> INSTRUCTIONS FOR THE TASK
Your answer must be the lines from the one containing "Long sleeve green" through the last line below, copied exactly, with no pictures.

> DATA EXCERPT
- - - -

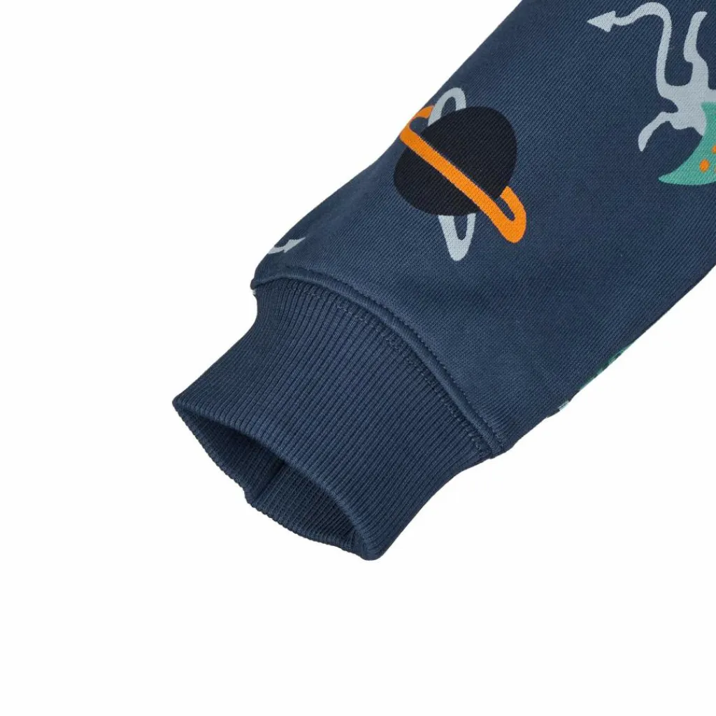 Damit sich kleine Naturwissenschaftler:innen nicht zwischen Dinos und Astronomie entscheiden müssen, bietet das Run Sweatshirt gleich beides. Das weiche Shirt ist aus 100 % Bio-Baumwolle und passt einfach immer! Ausschnitt und Ärmelabschlüsse sind mit sanften Rippenbündchen besetzt.
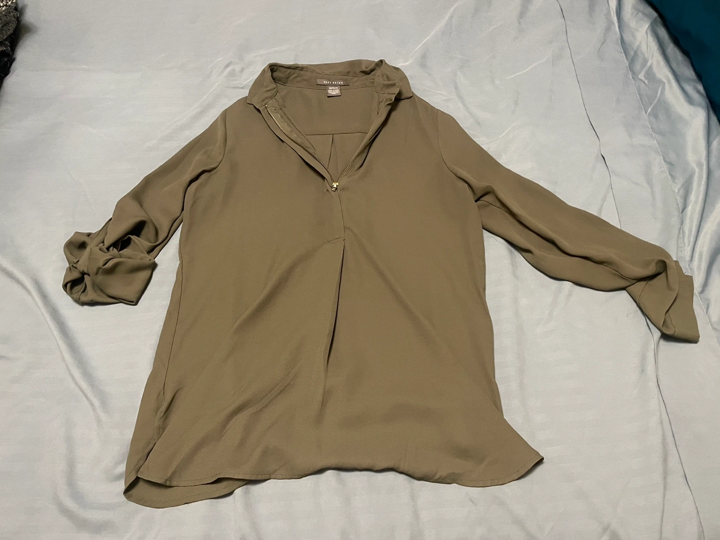 Long sleeve green blouse with a gold zipper. The blouse has a collared neckline and a relaxed fit.
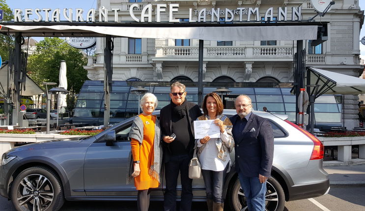 Thomas von Gelmini (VOLVO) und Anita Querfeld gratulierten sehr herzlich. „Was für ein Glück haben wir … wir haben noch nie etwas gewonnen“ - Landtmann-Stammgast Werner Zimmermann und seine Frau freuen sich über den schönen Gewinn. Und über den guten Start in den Tag mit einem feinen Landtmann-Frühstück!
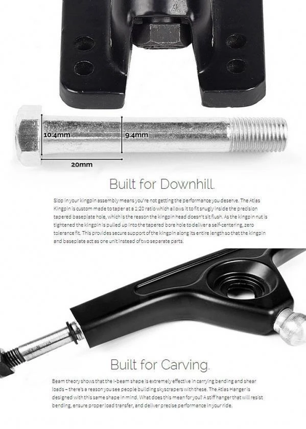 Die ATLAS TRUCKS sind die neuen Carving Trucks auf dem deutschen Markt. Gebaut um die das Surffeeling auf die Straße zuholen. Das massive Kugel-Gelenk erlaubt den Hänger einem vollen uneingeschränkten Bewegungsumfang und lindert Pivot verschleiß. Der Achsstift ist von am Hänger für ein kleines Stück 10mm geht aber nach 2mm auf 8mm runter, bietet eine extrem steife & dauerhafte Achse mit dem zusätzlichen Vorteil eines integrierten Speed-Ring. Die maßgeschneiderte kegeliger Kingpin sitzt in einer bearbeitete Grundplatte bietet eine einzigartige, bequeme Passform. Sogar der Pivot-Cup bietet nächste Level Funktionen wie Gewinde Luftspalt zur einfachen Entnahme und Wartung.

- - - -

> ANSWER TO THIS TASK
 Long sleeve green blouse with a gold zipper. The blouse has a collared neckline and a relaxed fit.
 Thomas von Gelmini (VOLVO) und Anita Querfeld gratulierten sehr herzlich. „Was für ein Glück haben wir … wir haben noch nie etwas gewonnen“ - Landtmann-Stammgast Werner Zimmermann und seine Frau freuen sich über den schönen Gewinn. Und über den guten Start in den Tag mit einem feinen Landtmann-Frühstück!
 Die ATLAS TRUCKS sind die neuen Carving Trucks auf dem deutschen Markt. Gebaut um die das Surffeeling auf die Straße zuholen. Das massive Kugel-Gelenk erlaubt den Hänger einem vollen uneingeschränkten Bewegungsumfang und lindert Pivot verschleiß. Der Achsstift ist von am Hänger für ein kleines Stück 10mm geht aber nach 2mm auf 8mm runter, bietet eine extrem steife & dauerhafte Achse mit dem zusätzlichen Vorteil eines integrierten Speed-Ring. Die maßgeschneiderte kegeliger Kingpin sitzt in einer bearbeitete Grundplatte bietet eine einzigartige, bequeme Passform. Sogar der Pivot-Cup bietet nächste Level Funktionen wie Gewinde Luftspalt zur einfachen Entnahme und Wartung.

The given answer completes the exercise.